Ci soffermiamo su l'“oculata discrezione”, dove risaltano particolarmente la finezza spirituale e la saggezza pratica di Bonaventura.
Il superiore -- egli osserva -- è il «conduttore del gregge; se sbaglia, il gregge si troverebbe disperso e perirebbe». La sua funzione è paragonabile a quella dell'occhio: «Come l'occhio è la luce di tutto il corpo, così il pastore è la luce per il gregge affidatogli». Ed è duplice l'oculatezza che gli è necessaria: l'una riguarda ciò che si deve fare, l'altra il come lo si debba fare, dal momento che il bene se non vien ben fatto, ossia con discrezione, cessa di essere bene, com'è detto da san Bernardo. «Togli la discrezione, e la virtù diventa vizio».

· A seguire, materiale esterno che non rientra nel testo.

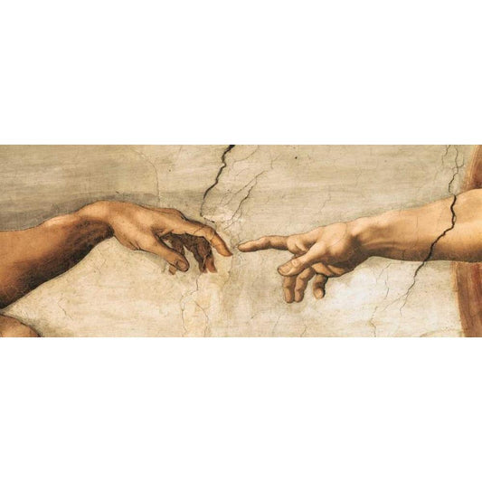 The Creation of Adam Detail White Modern Wood Framed Art Print by Michelangelo

Non è possibile, nota Bonaventura, fare l'elenco di tutti i singoli casi in cui il superiore è chiamato a esercitare tale discrezione, per cui si limita ad alcune situazioni più comuni e ricorrenti. Nel governo della comunità, così che questa si comporti in maniera debita, il superiore dovrà conoscere profondamente le abitudini, la mentalità e le energie di tutti i suoi sudditi, così da imporre il peso dell'osservanza della Regola, secondo quanto conviene a ciascuno. Non tutti, infatti, sono in grado di sostenere tutto allo stesso modo. Bonaventura si mostra, così, estremamente attento alle possibilità della persona e alle sue capacità concrete, contro un'anonima generalizzazione.

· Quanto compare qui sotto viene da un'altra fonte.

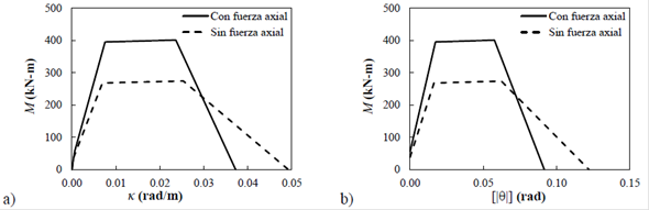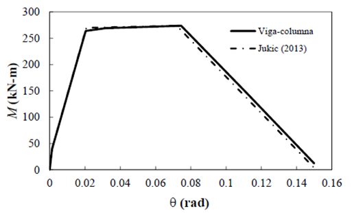 Al aplicar gradualmente la θ en el extremo derecho de la viga, se obtiene la curva de M-θ, que se compara con la curva obtenida por Jukic (2013), como se muestran en la Figura 19, donde se observa que ambas curvas son congruentes hasta una rotación de 0.57 rad; sin embargo, para rotaciones mayores, se presentan diferencias que se atribuyen a los modelos constitutivos distintos utilizados en las respectivas soluciones. El área bajo la curva M-[|θ|] con fuerza normal en la Figura 17 es de 26.723 kN m, la cual corresponde a la energía disipada durante la formación completa de una articulación. Por otra parte, el trabajo inducido al sistema es de 26.723 kN m, que corresponde al área bajo la curva M-θ con fuerza normal en la Figura 19, por lo que la viga disipa adecuadamente la energía mediante la formación de articulaciones.

Lo stesso superiore deve altresì saper distinguere i diversi contenuti dell'osservanza. Se si tratta di disposizioni della Regola che obbligano gravemente, il suo atteggiamento sarà della massima fermezza: «È preferibile che non ci siano religiosi, là dove non possono o non vogliono vivere da religiosi; così non vanno in perdizione loro, e non sono motivo di scandalo per gli altri». Quando invece si tratti dell'esercizio di una maggior perfezione -- e il convento è stato istituito «perché fosse una palestra di perfezione» -- non vi si dovranno costringere i restii, ma si cercherà di invogliarli con le esortazioni e con la forza dell'esempio: «I consigli della perfezione si suggeriscono, non si impongono».

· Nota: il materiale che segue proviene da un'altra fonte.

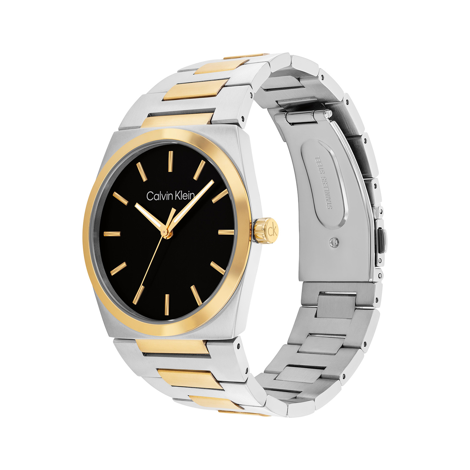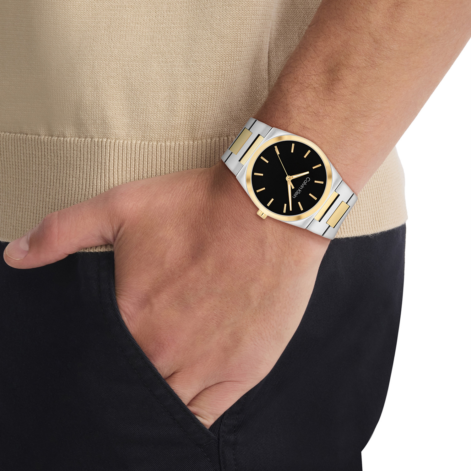 Dit Calvin Klein herenhorloge met nr CK25200544 heeft een stijlvol uiterlijk. Het stalen horloge heeft een ronde kast met een zwarte wijzerplaat met fijne wijzers ingelegd met lumibrite. Aan de kast zit een verfijnde bicolor schakelband. Het horloge heeft een mineraalglas, een doorsnee van 40mm en is 3ATM.

Infine, per quanto riguarda le pratiche che tradizionalmente contrassegnano e illustrano la vita religiosa (digiuni, silenzio, solenni celebrazioni, penitenze corporali) il superiore, quando veda che sia necessario o maggiormente utile, secondo i tempi e i luoghi, ne saprà dispensare senza difficoltà: essi non sono l'essenziale, ma soltanto degli strumenti e in questo è indispensabile «una notevole dose di discrezione, per saper tenere il giusto mezzo tra la rigidità e la cedevolezza».
Allo stesso modo, ci vorrà molta discrezione quando occorrerà correggere i fratelli colpevoli. A quelli che riconoscono il proprio errore e subito ne chiedono la penitenza, chi regge la comunità imporrà «una soddisfazione tale per cui riconosca la gravità del suo peccato; lo farà, tuttavia in modo clemente, così come vorrebbe che un altro facesse nei suoi confronti, se fosse caduto».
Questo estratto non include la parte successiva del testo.